Titre au combien précis, la problématique de cette course qui nous fait envie depuis plusieurs années répond complètement à cette courte phrase.

Nous n’aurons en effet pas d’autres occasions dans l’année de jouer le TTN (calendrier déjà rempli) et c’est notre dernière occasion de nous classer correctement sur ce challenge qui nous tient à coeur.

Oui mais voilà, 3 semaines après Paris, diffcile d’envisager d’arriver en forme, ce qui explique que depuis plusieurs années nous faisons « l’impasse  » sur cette épreuve qui nous fait pourtant un peu saliver en raison d’un parcours a priori rapide et nerveux…

Cette année donc, nous décidons de tenter ce pari un peu fou en ayant pris soin de récupérer suffisamment après Paris, sans avoir complètement couper les « gaz » afin de ne pas être totalement à la rue…

Bref, c’est dans une forme moyenne faite d’entretien depuis l’ecotrail que nous arrivons. Pas forcément prêts à se « dépouiller » mais en ayant au moins rechargé les batteries pour soutenir sans trop de difficulté ces 44 kilomètres et 1200 + qui nous attendent.

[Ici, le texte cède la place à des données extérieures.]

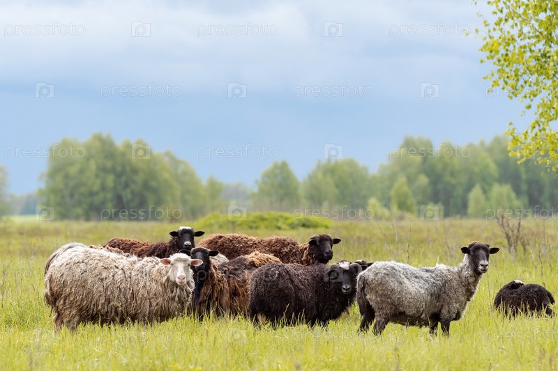 Ягнята и овцы зеленая трава
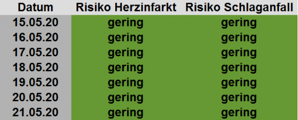 Das warme und ruhige Hochdruckwetter sorgt am Wochenende und in der neuen Woche nur selten für erhöhte Belastungen. Besonders Temperaturen zwischen 23 bis 27 Grad C sorgen bei Schlaganfall- und Herzinfarkt- Risikogruppen für Normalität.
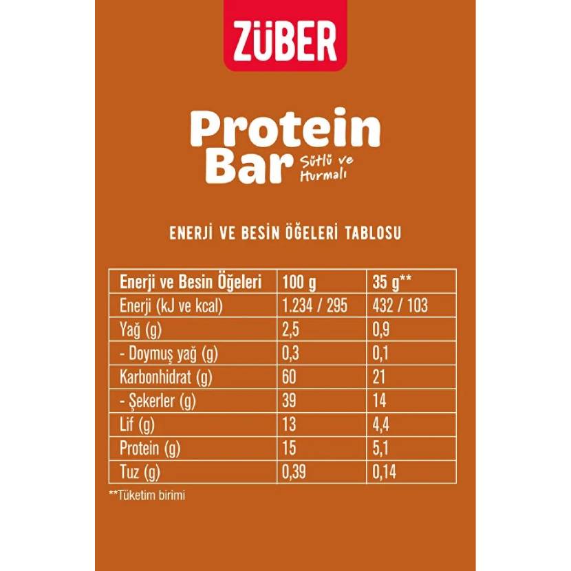 Züber Sütlü ve Hurmalı Protein Barı - 12 Adet x 35Gr
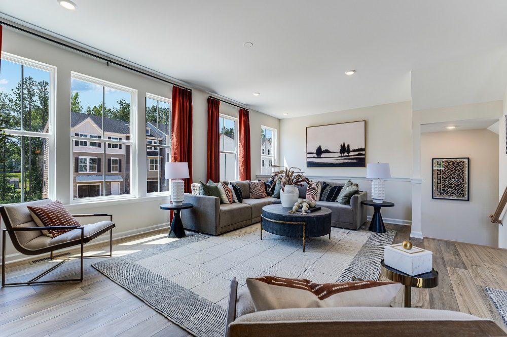 This move-in ready townhome in Chesterfield VA offer a versatile three-story layout designed for modern living, beginning with a spacious recreation room and a convenient first-floor bedroom suite—ideal for guests or flexible use. The main living level showcases an open-concept design that seamlessly connects the Great Room, dining area, and a well-appointed kitchen featuring linen cabinetry and Carmel Fantasy countertops.

Au départ chez les gars, Yannick Dupouy (2h16) sur marathon que je crains beaucoup puisqu’il était une référence française sur cette distance il y a peu et il a aujourd’hui décidé de « basculer » sur trail en raison de blessures récurrentes. Avec sa vitesse de base et sur ce parcours vallonné mais pas montagneux, il peut vraiment faire mal…

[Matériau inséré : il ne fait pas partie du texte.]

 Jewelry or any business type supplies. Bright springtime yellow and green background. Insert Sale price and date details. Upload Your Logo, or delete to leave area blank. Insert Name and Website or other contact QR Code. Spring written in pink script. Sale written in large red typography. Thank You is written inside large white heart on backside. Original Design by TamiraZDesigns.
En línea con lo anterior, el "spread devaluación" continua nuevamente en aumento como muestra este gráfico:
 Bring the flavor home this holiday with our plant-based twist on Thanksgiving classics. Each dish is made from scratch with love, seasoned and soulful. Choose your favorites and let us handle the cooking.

D’ailleurs, dès les premiers hectomètres de la course, il prend les devants avec un petit groupe d’autres coureurs. Je trouve le départ rapide et les jambes, potables sur le plat, restent assez bloquées en montée. Je sens là les traces des 80 kms d’il y a 3 semaines… Je décide de ne pas paniquer et laisse partir un groupe de 5/ 6 coureurs en gérant mon allure. Je sais que la ccourse va être longue et que la chaleur peut jouer des tours. Je sais aussi que je ne peux pas jouer aujourd’hui à prendre des risques et que la marge de manoeuvre pour sortir une belle course est réduite…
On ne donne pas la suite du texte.